Thermal instability of thin accretion disks in the presence of wind and toroidal magnetic field

TL;DR

This paper analyzes how magnetic fields and winds influence the thermal stability of thin accretion disks, revealing that magnetic fields generally stabilize disks, while winds can either stabilize or destabilize depending on their nature.

Contribution

It provides a comprehensive stability analysis considering both magnetic fields and winds, highlighting the wind's dual role in disk stability, which was not fully explored before.

Findings

Magnetic fields have a stabilizing effect on accretion disks.

Winds can either stabilize or destabilize disks depending on their type.

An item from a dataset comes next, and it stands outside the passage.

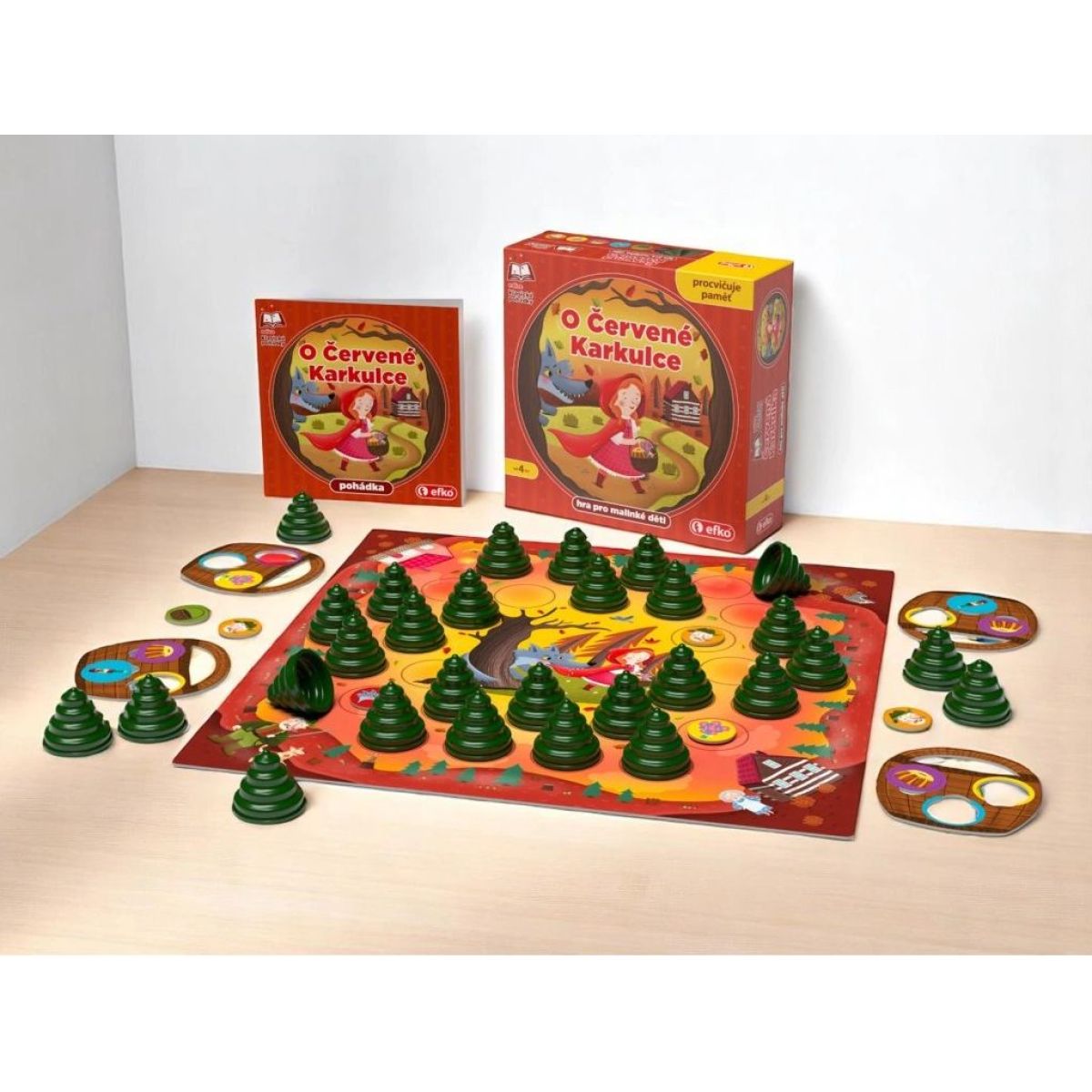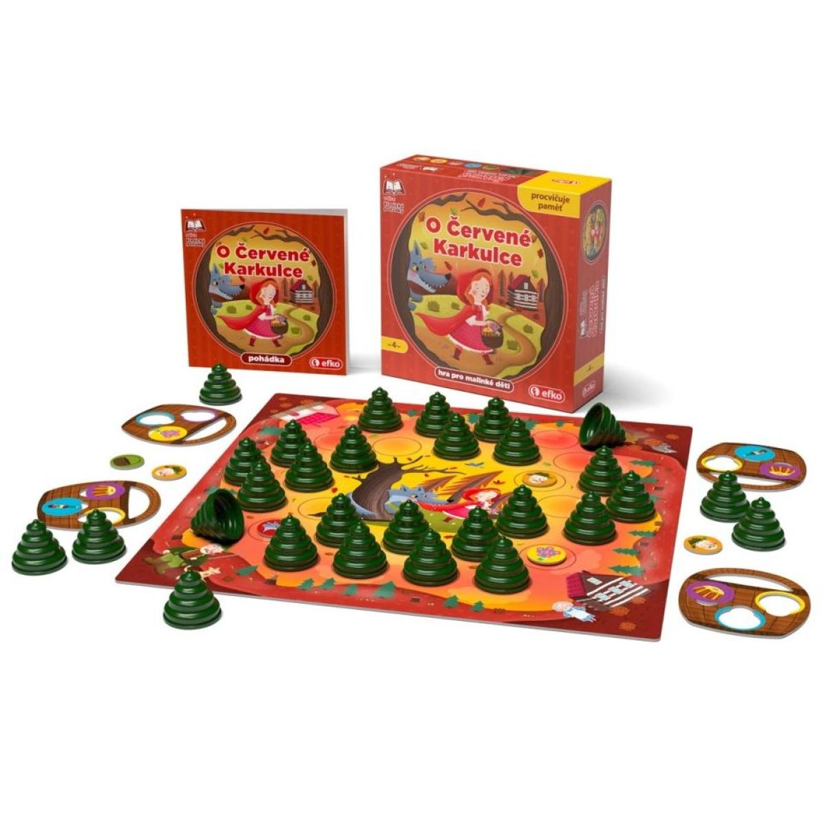 Obsah balení: herní plán 34 × 34 cm, 30 plastových stromečků, 4 košíčky, 34 žetonů, pohádka CZ/SK, návod CZ/SK

Winds can explain thermal stability in models where magnetic pressure alone is insufficient.

Abstract

We study the local thermal stability of thin accretion disks. We present a full stability analysis in the presence of a magnetic field and more importantly wind. For wind, we use a general model suitable for adequately describing several kinds of winds. First, we explicitly show that the magnetic field, irrespective of the type of wind, has a stabilizing effect. This is also true when there is no wind. In this case, we confirm the other works already presented in the literature. However, our main objective is to investigate the local thermal stability of the disk in the presence of the wind. In this case, interestingly, the response of disk is directly related to the type of wind. In other words, in some cases, the wind can stabilize the disk. On the other hand, in some cases, it can destabilize the disk. We found that in some thin disk models where the magnetic pressure cannot explain the stability of the disk by including a typical contribution for magnetic pressure, the wind can provide a viable explanation for the thermal stability.